Have you ever tried eating a clock?

It's really time-consuming, especially if you go for seconds.

What's the hardest part about eating a clock?

It's time consuming

I need a battery

I walked into Battery World and asked for a specific battery.

The guy said Is it for a clock?

I said I don't know, that's why I need a battery!!

Dear Humans,

You get mad at me when I work....You get mad at me when I don't work.

Sincerely,

Confused alarm clock.

Car for Sale

Paddy wanted to sell his car but was concerned he wouldn't get much for it due to the high mileage, he spoke to his friend Mickey who suggested winding the clock back, reducing the mileage, in the hope he could ask for more money.
A few days later Paddy was talking to Mickey again, 'How'd you get on sellin the car Paddy?' He asked his friend.
'I didn't sell it in the end' he said. 'Why not?' asked Mickey. 'Well I wound it back like you said, and when I'd finished sure there was only 12,000 miles on the clock, so I decided to keep it'

My dad said he ate a clock...

So I asked him how it was.

To which he replied...

"It was time consuming."

For his birthday, I got my son an alarm clock that swears at him instead of beeping.

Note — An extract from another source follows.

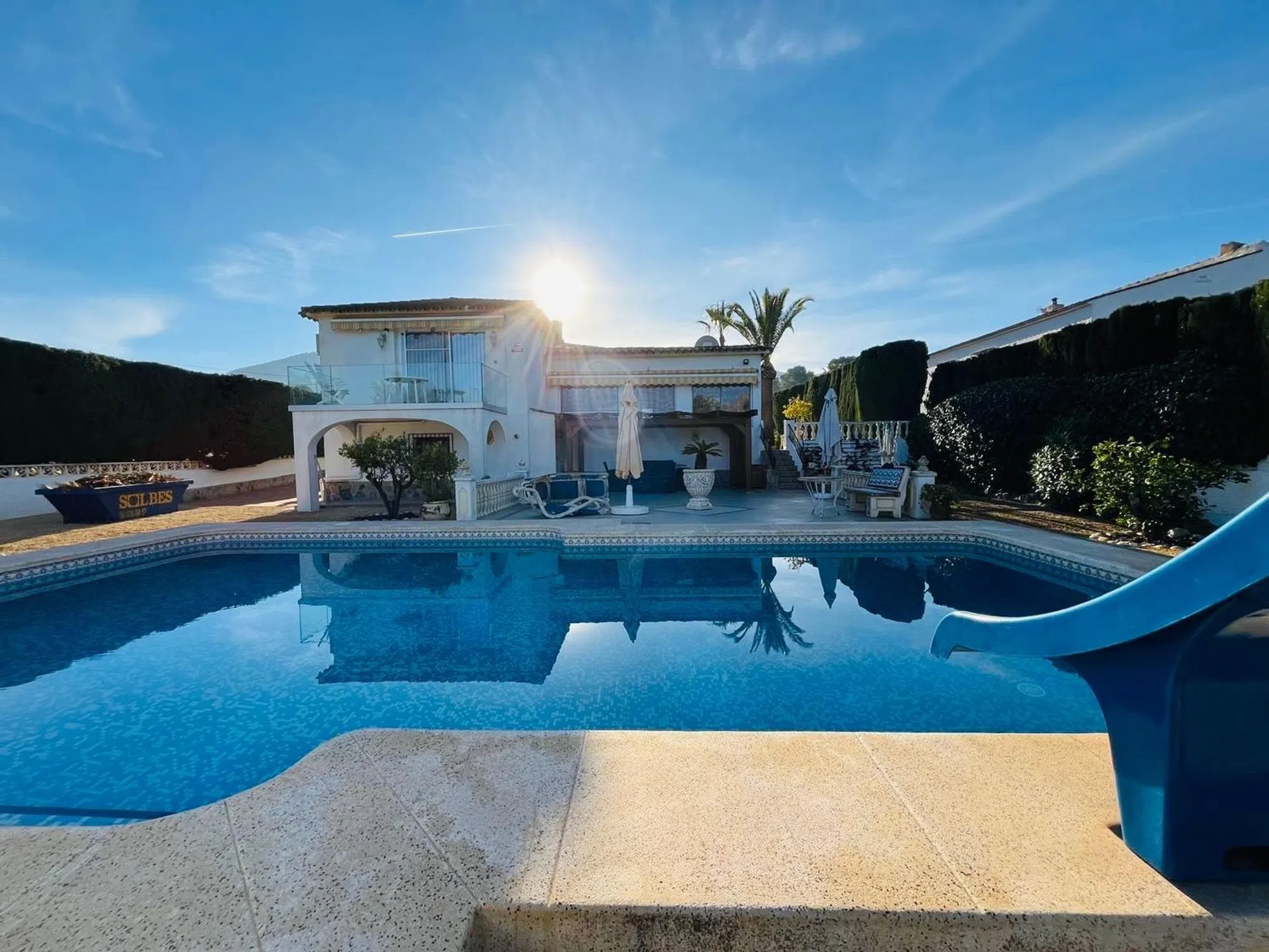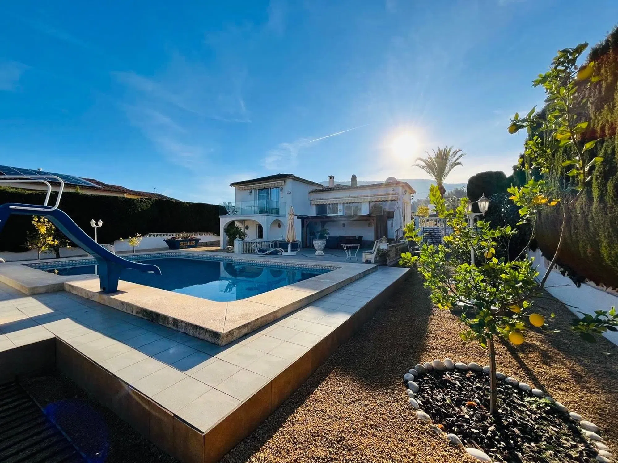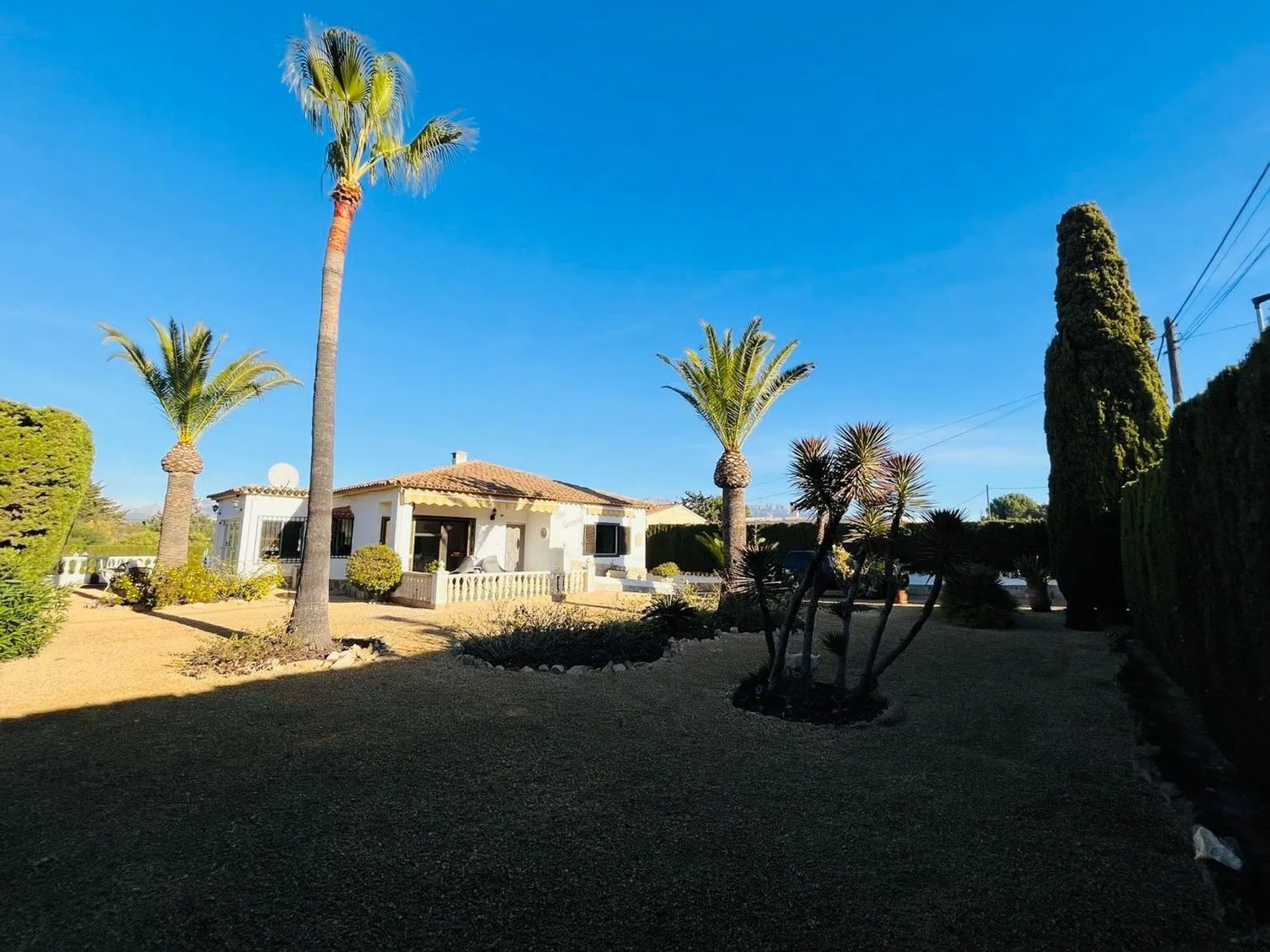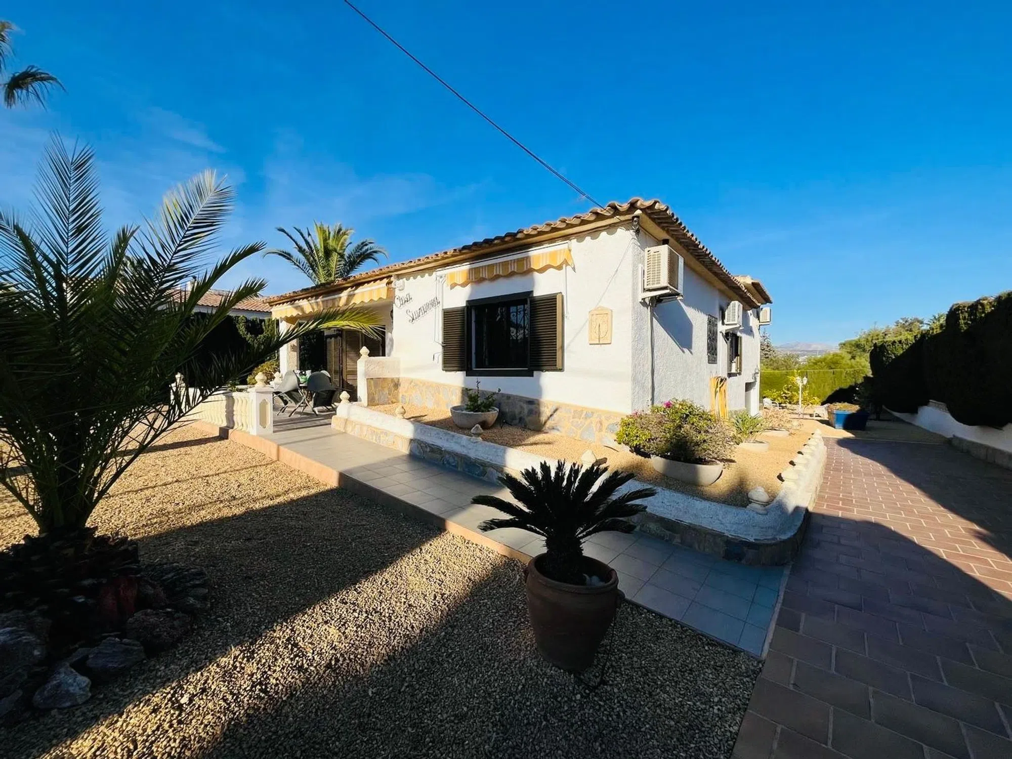 Elegante villa de 200m2 en una sola planta con una gran parcela de 1140m2 con hermosas palmeras en una zona muy tranquila a un paso del centro del Albir. Esta villa, lista para entrar a vivir, cuenta con una espaciosa piscina, ducha exterior, 3 dormitorios y 2 baños, terrazas cubiertas y descubiertas, garaje. aire acondicionado en todas las habitaciones, una moderna cocina también con acceso directo a la terraza cubierta y al jardín.

He's in for a rude awakening.

What do you get when you pour Red Bull onto a clock?

A waste of time and energy.

My American Clock

A Russian immigrant comes to America, works hard and is able to buy for his very first home, a condominium apartment. So he throws an all night party with his friends to celebrate. One of his guests notices a hammer and a large metal pot next to one of the walls.

What is that for? he asks.

His host says That is my talking American clock.

Really?...How does it work?

I will show you.

The host takes the metal pot, places it next to the wall and bangs on it with the hammer till the next door neighbor yells: It's three o'clock in the morning you idiot!

They have clocks on airplanes now

How time flies...

Just think that there are jokes based on truth that can bring down governments, or jokes which make girl laugh. Many of the clock wristwatches jokes and puns are jokes supposed to be funny, but some can be offensive. When jokes go too far, are mean or racist, we try to silence them and it will be great if you give us feedback every time when a joke become bullying and inappropriate.

We suggest to use only working clock watchmaker piadas for adults and blagues for friends. Some of the dirty witze and dark jokes are funny, but use them with caution in real life. Try to remember funny jokes you've never heard to tell your friends and will make you laugh.